__TASK DIRECTIONS__:
Using the material below, print the line that contains "The PCM computes", the line that contains "Front row (seated), left", and every line in between, exactly and nothing else.

__RECORD EXTRACTS__:
========

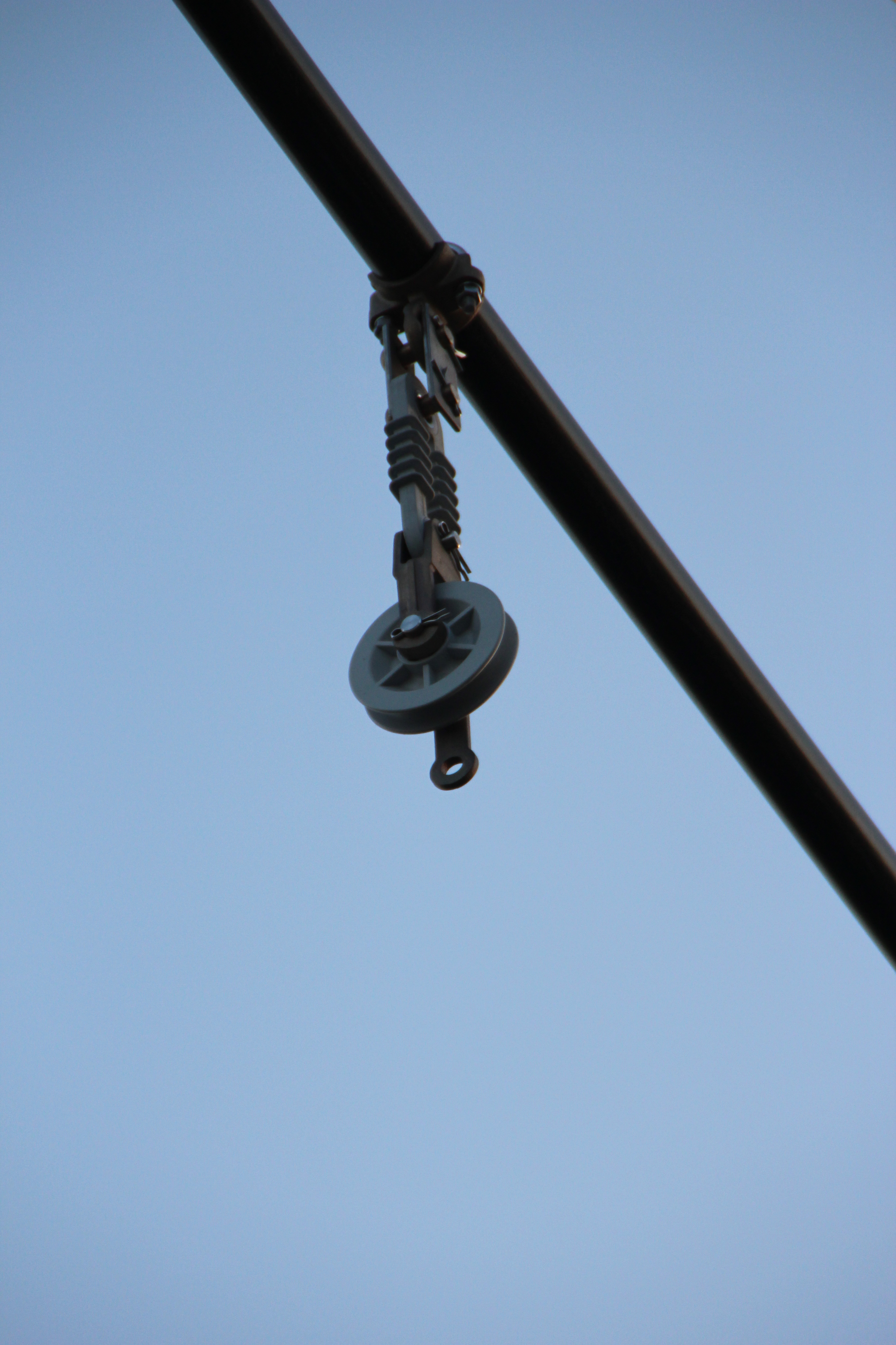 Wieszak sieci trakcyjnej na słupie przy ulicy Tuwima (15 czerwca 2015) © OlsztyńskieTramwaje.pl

========

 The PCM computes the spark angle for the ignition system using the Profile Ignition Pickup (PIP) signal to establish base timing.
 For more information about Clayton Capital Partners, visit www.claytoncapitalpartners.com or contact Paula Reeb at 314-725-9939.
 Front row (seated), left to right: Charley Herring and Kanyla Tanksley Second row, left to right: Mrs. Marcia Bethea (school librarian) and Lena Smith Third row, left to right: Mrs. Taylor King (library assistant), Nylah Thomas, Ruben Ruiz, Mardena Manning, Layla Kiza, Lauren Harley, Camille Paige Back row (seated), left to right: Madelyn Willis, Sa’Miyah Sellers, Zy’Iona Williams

========

__WRITTEN ANSWER__:
 The PCM computes the spark angle for the ignition system using the Profile Ignition Pickup (PIP) signal to establish base timing.
 For more information about Clayton Capital Partners, visit www.claytoncapitalpartners.com or contact Paula Reeb at 314-725-9939.
 Front row (seated), left to right: Charley Herring and Kanyla Tanksley Second row, left to right: Mrs. Marcia Bethea (school librarian) and Lena Smith Third row, left to right: Mrs. Taylor King (library assistant), Nylah Thomas, Ruben Ruiz, Mardena Manning, Layla Kiza, Lauren Harley, Camille Paige Back row (seated), left to right: Madelyn Willis, Sa’Miyah Sellers, Zy’Iona Williams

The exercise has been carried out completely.